Now this code fails with the following error:

2021-07-05 17:23:10,845	WARNING deprecation.py:33 -- DeprecationWarning: `compute_action` has been deprecated. Use `compute_single_action` instead. This will raise an error in the future!
Traceback (most recent call last):
  File "trajectory_view_api.py", line 115, in <module>
    action, state, logits = agent.compute_action(obs, state)
  File "/opt/conda/lib/python3.8/site-packages/ray/rllib/agents/trainer.py", line 1005, in compute_action
    return self.compute_single_action(*args, **kwargs)
  File "/opt/conda/lib/python3.8/site-packages/ray/rllib/agents/trainer.py", line 986, in compute_single_action
    result = self.get_policy(policy_id).compute_single_action(
  File "/opt/conda/lib/python3.8/site-packages/ray/rllib/policy/policy.py", line 224, in compute_single_action
    out = self.compute_actions(
  File "/opt/conda/lib/python3.8/site-packages/ray/rllib/policy/torch_policy.py", line 239, in compute_actions
    return self._compute_action_helper(input_dict, state_batches,
  File "/opt/conda/lib/python3.8/site-packages/ray/rllib/utils/threading.py", line 21, in wrapper
    return func(self, *a, **k)
  File "/opt/conda/lib/python3.8/site-packages/ray/rllib/policy/torch_policy.py", line 326, in _compute_action_helper
    dist_inputs, state_out = self.model(input_dict, state_batches,
  File "/opt/conda/lib/python3.8/site-packages/ray/rllib/models/modelv2.py", line 230, in __call__
    res = self.forward(restored, state or [], seq_lens)
  File "/opt/conda/lib/python3.8/site-packages/ray/rllib/examples/models/trajectory_view_utilizing_models.py", line 119, in forward
    obs = input_dict["prev_n_obs"]
  File "/opt/conda/lib/python3.8/site-packages/ray/rllib/policy/sample_batch.py", line 500, in __getitem__
    value = dict.__getitem__(self, key)
KeyError: 'prev_n_obs'

and adding this:

    checkpoint_path = checkpoints[0][0]
    agent = agents.ppo.PPOTrainer(config, env="stateless_cartpole")
    agent.restore(checkpoint_path)

    env = StatelessCartPole()

    policy = agent.get_policy()
    # run until episode ends
    for _ in range(10):
        episode_reward = 0
        reward = 0.
        action = 0
        done = False
        obs = env.reset()
        state=np.zeros(2*256, np.float32).reshape(2,256)
        actions=np.zeros(16, np.float32).reshape(1,16)
        rewards=np.zeros(16, np.float32).reshape(1,16)

        # state=None
        while not done:
            action, state, logits = policy.compute_actions(obs, state, prev_action_batch=actions, prev_reward_batch=rewards)
            obs, reward, done, info = env.step(action)
            episode_reward += reward

        print("reward: {}".format(episode_reward))
        env.render()

fails with the following error:

2021-07-05 17:27:56,257	INFO trainable.py:390 -- Current state after restoring: {'_iteration': 10, '_timesteps_total': None, '_time_total': 30.673815488815308, '_episodes_total': 1226}
/opt/conda/lib/python3.8/site-packages/gym/logger.py:30: UserWarning: WARN: Box bound precision lowered by casting to float32
  warnings.warn(colorize('%s: %s'%('WARN', msg % args), 'yellow'))
Traceback (most recent call last):
  File "trajectory_view_api.py", line 135, in <module>
    action, state, logits = policy.compute_actions(obs, state, prev_action_batch=actions, prev_reward_batch=rewards)
  File "/opt/conda/lib/python3.8/site-packages/ray/rllib/policy/torch_policy.py", line 237, in compute_actions
    for s in (state_batches or [])
ValueError: The truth value of an array with more than one element is ambiguous.

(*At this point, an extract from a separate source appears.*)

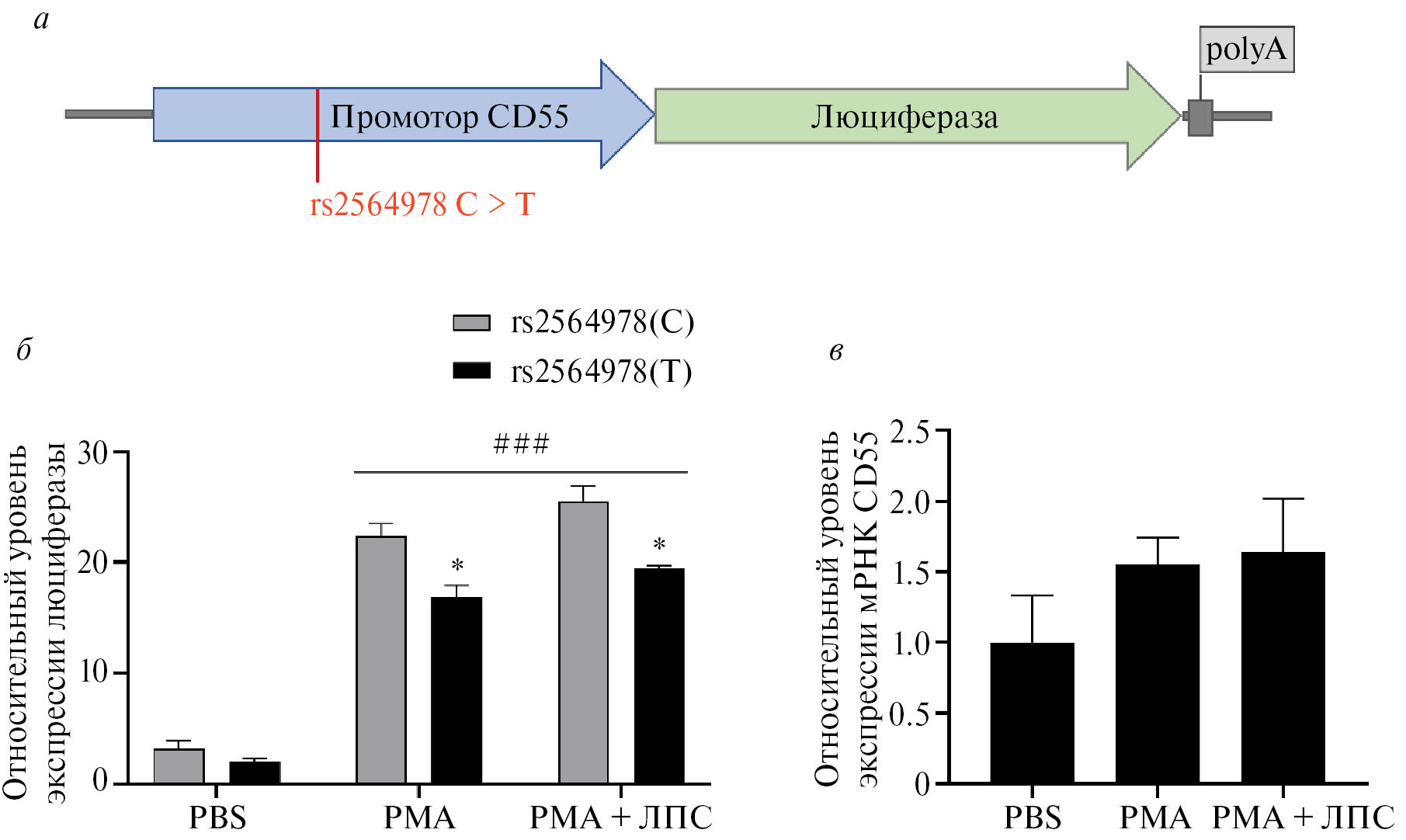 Рис. 2. Активность промотора гена CD55 снижается в присутствии минорного rs2564978(Т) аллеля в клеточной модели макрофагов. а – Схема люциферазной репортерной конструкции pGL3-basic, содержащей промотор гена CD55 с альтернативными аллелями rs2564978. б – Стимуляция моноцитов U937 с помощью PMA или PMA+ЛПС увеличивает аллель-зависимую разницу в активности промотора CD55. Экспрессия репортерной люциферазы была нормализована по экспрессии люциферазы внутреннего контроля (Renilla). в – Относительный уровень экспрессии мРНК CD55 в неактивированных U937 (PBS) и после стимуляции PMA или PMA+ЛПС. На графиках представлены результаты трех экспериментов в виде средних значений ± SEM. *P < 0.05 – различие между вариантами rs2564978(С) и rs2564978(Т), ###P < 0.0001 – различие между нестимулированными (PBS) и активированными клетками (непарный t-критерий Стьюдента).
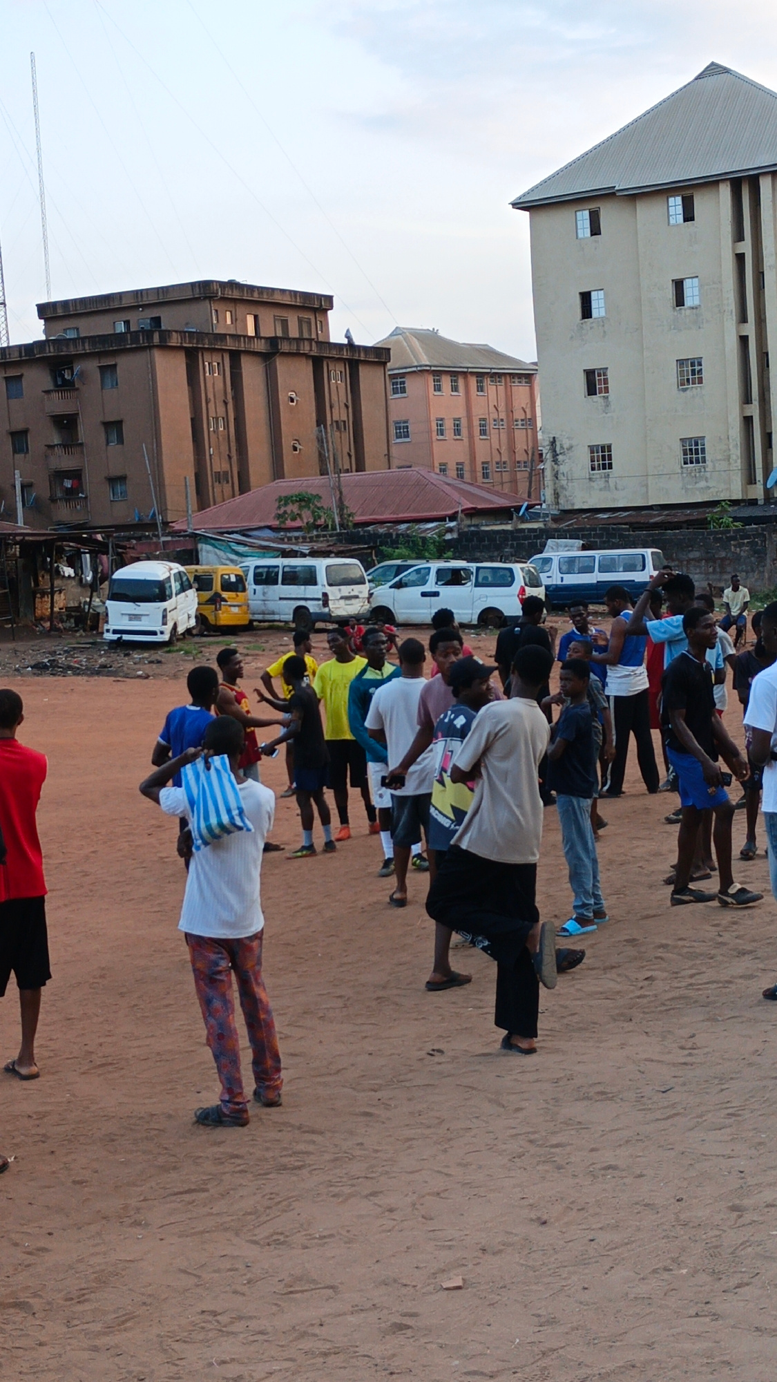 The image captures a vibrant gathering of young men and boys on a reddish-brown dirt field, likely in Onitsha, Nigeria. The group, consisting of approximately twenty individuals, is scattered across t…read more

Use a.any() or a.all()
Exception ignored in: <function ActorHandle.__del__ at 0x7fcb8a0d3790>
Traceback (most recent call last):
  File "/opt/conda/lib/python3.8/site-packages/ray/actor.py", line 834, in __del__

Is there any further documentation on how manually replay a trained policy after tune.run with the use of Trajectory API?
I can’t make it working.

1 Like

@mg64ve did you get any idea on how to do this. If not I have also opened a new issue on the github repository. [Bug] Compute_action for Trajectory view API · Issue #18777 · ray-project/ray (github.com)

@sven1977 could you please help and tell us how to implement this.

Hi @kapilPython , no I haven’t figured out how to fix it. I am also interested if anyone can help us. Please let me know if you get a reply in github. Thanks.

@ericl do you have any idea how to do this?

For a hacky solution people could use

agent.get_policy().compute_actions_from_input_dict({"obs": np.array([obs]), "prev_n_obs": np.expand_dims(np.stack([obs for _ in range(16)]), axis=0), "prev_n_actions": np.expand_dims(np.stack([0 for _ in range(16)]), axis=0), "prev_n_rewards": np.expand_dims(np.stack([1.0 for _ in range(16)]), axis=0)})

The Complete solution to the problem will be provided by @sven1977 through the issue:
[Bug] Compute_action for Trajectory view API · Issue #18777 · ray-project/ray (github.com)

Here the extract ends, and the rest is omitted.